Als mein Sohn die Information preisgab, dass Opa W. und Oma H. sich geschieden haben, und dass Opa W. dann nochmal geheiratet haben, und zwar die B.!, blieb mir nur noch resigniert die Schultern hochzuziehen und dem Publikum zuzuseufzen: "Falls sie das noch nicht wussten..."

Die Erlösung war der Aufruf ins Behandlungszimmer. Ich hatte es herbeigesehnt...

Bis dahin, liebe Grüße, Sia

Donnerstag, 27. Oktober 2011

Nebel

hängt über dem Ort. Dick und feist, wie eine Blase.

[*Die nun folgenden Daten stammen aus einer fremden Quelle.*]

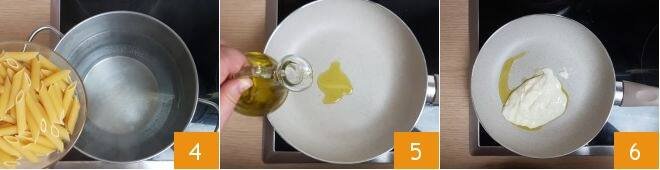 Once the water is boiling, pour in the pasta 4 and cook for the time stated on the package. While the pasta is cooking, turn your attention to the sauce. Pour a little oil 5 and the stracchino cheese into a pan 6.

Wenn ich nicht Autofahren muss, dann liebe ich Nebel. Am schönsten ist er, wenn man in einem "richtigen" Wald unterwegs ist. Dann sind die Außengeräusche gedämpft und man läuft wie auf Wolken. Mystisch schön. Oder vielleicht doch eher ängstigend?
Ein Nachbar sagte heute Morgen spontan: der Nebel des Grauens. Und sofort stiegen in mir die Bilder dieses Films hoch und ein schauriges Gefühl machte sich in meinem Nacken breit. Schnell umdrehen.
Steht er schon hinter mir, der Seemann mit dem scharfen Säbel, bereit mich zu meucheln?
Nein. Es war nur mein Kind.
Die Papiere, die sich auf dem Küchentisch stapeln, sind es die, die sich gleich mit Blut befleckt selbst entzünden und in Rauch und Wasser zergehen?
Nein. Es ist nur der drohende Einkaufszettel, der mir sagt: Kaufe Süßigkeiten. In vier Tagen ist Halloween, und dann werden sie kommen, die bösen Geister. Nicht mit dem Säbel in der Hand, aber mit drohenden Gebärden, fürchterlichen Gesichtern und riesigen Tüten. Die, mit den nach Süßigkeiten gierenden Lippen, die einem entgegenbrüllen, sobald man die Tür geöffnet hat:
Gib uns Süßes, sonst gibts Saures!
Und ich werde ihnen und mir den Gefallen tun. Ich werde alle Süßigkeiten des Hauses verschenken. Sonst landen die doch nur wieder da, wo sie nichts zu suchen haben: auf meinen Hüften!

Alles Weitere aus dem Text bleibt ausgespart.